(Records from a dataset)
▬▬▬▬▬▬▬▬▬▬
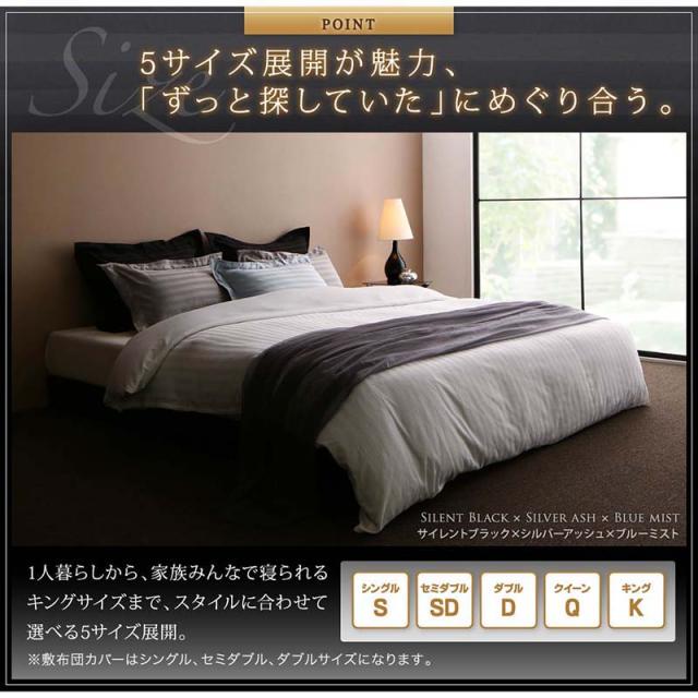 ロイヤル白 ホワイト、モカブラウン、サイレント黒 ブラック、ミッドナイト青 ブルー、サンドベージュ、ワイン赤 レッド、ベビーピンク、シルバーアッシュ、青 ブルーミストから選べる ホテルスタイル ストライプ サテン カバーリング 布団カバーセット ベッド用(枕カ ★9色から選べる 綿混サテン ホテルスタイルストライプカバーリング
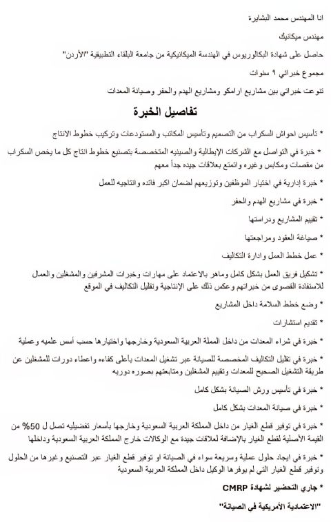 مهندس مدني ابحث عن فرصة مهنية في مجال التنفيذ / الاشراف / إدارة المشاريع. لدي خبرة تمتد الى 16 سنة في الانشاءات الحكوميه والمباني السكنيه، البنية التحتية، الطرق التابعة لوزارة النقل والبلديات، خطوط الأنابيب التابعه لارامكو وأتمتع بخبرة عملية في متابعة الأعمال الميدانية، وضبط الجودة، واعداد التقارير الفنية والبرامج الزمنيه، والتنسيق بين فرق العمل والمقاولين. أتقن استخدام البرامج الهندسية
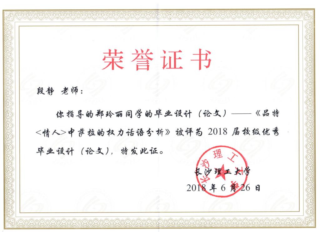 2018届本科毕业生论文工作已顺利结束,经个人申请、学院推荐和学校审核,我院段静、季红琴、周雪婷老师指导的本科毕业论文获2018届校级优秀毕业论文。
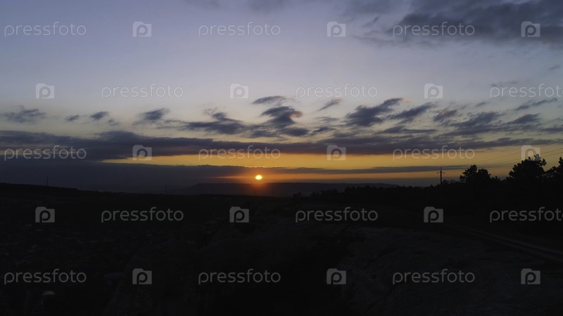 Вид на красный закат с темными горами. Снимай. Удивительное цветное время суток. Огненное солнце, которое садится на вершину холма, отнимает день
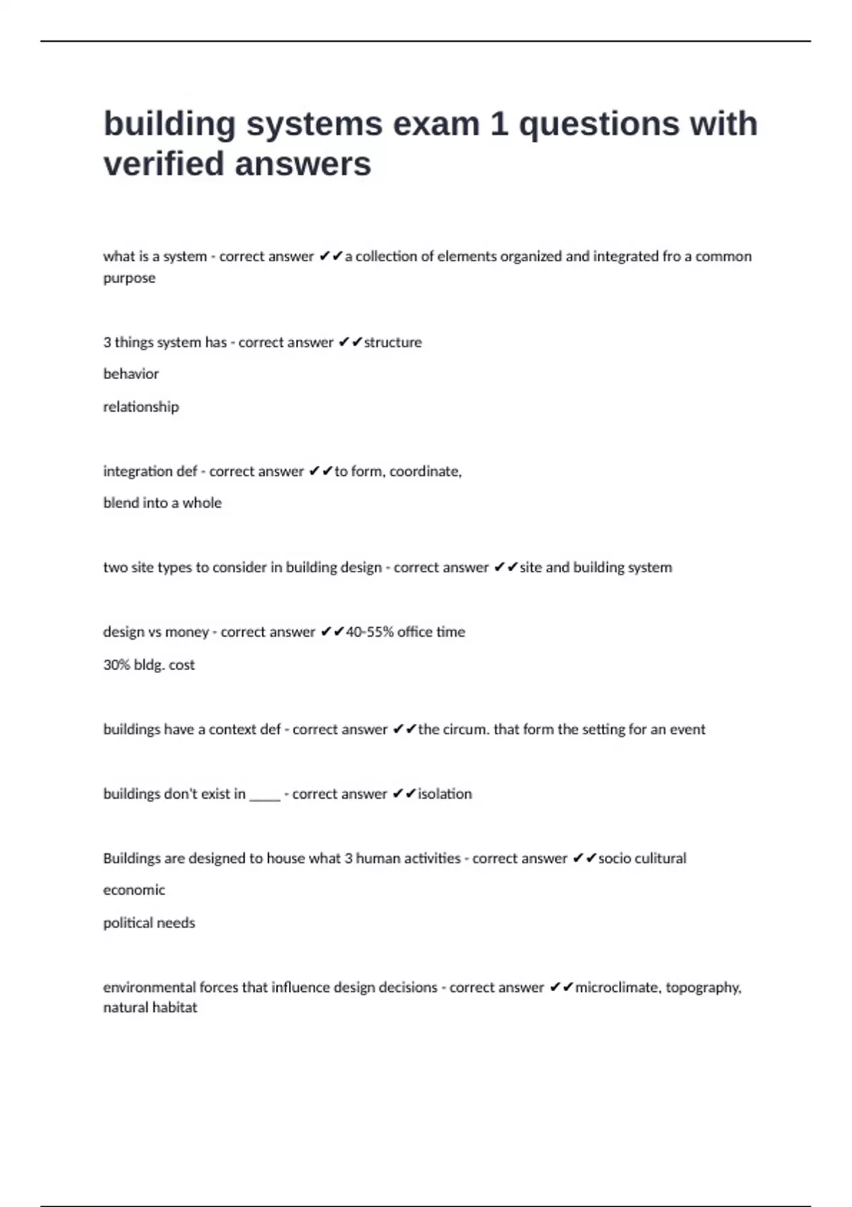 Buildings are designed to house what 3 human activities - correct answer ✔✔socio culitural
▬▬▬▬▬▬▬▬▬▬
**DIRECTIONS**
Once you find the line with "2018届本科毕业生论文工作", restate it and every later line of the data word for word, excluding the pictures.

**RESULT FOR THIS TASK**
 2018届本科毕业生论文工作已顺利结束,经个人申请、学院推荐和学校审核,我院段静、季红琴、周雪婷老师指导的本科毕业论文获2018届校级优秀毕业论文。
 Вид на красный закат с темными горами. Снимай. Удивительное цветное время суток. Огненное солнце, которое садится на вершину холма, отнимает день
 Buildings are designed to house what 3 human activities - correct answer ✔✔socio culitural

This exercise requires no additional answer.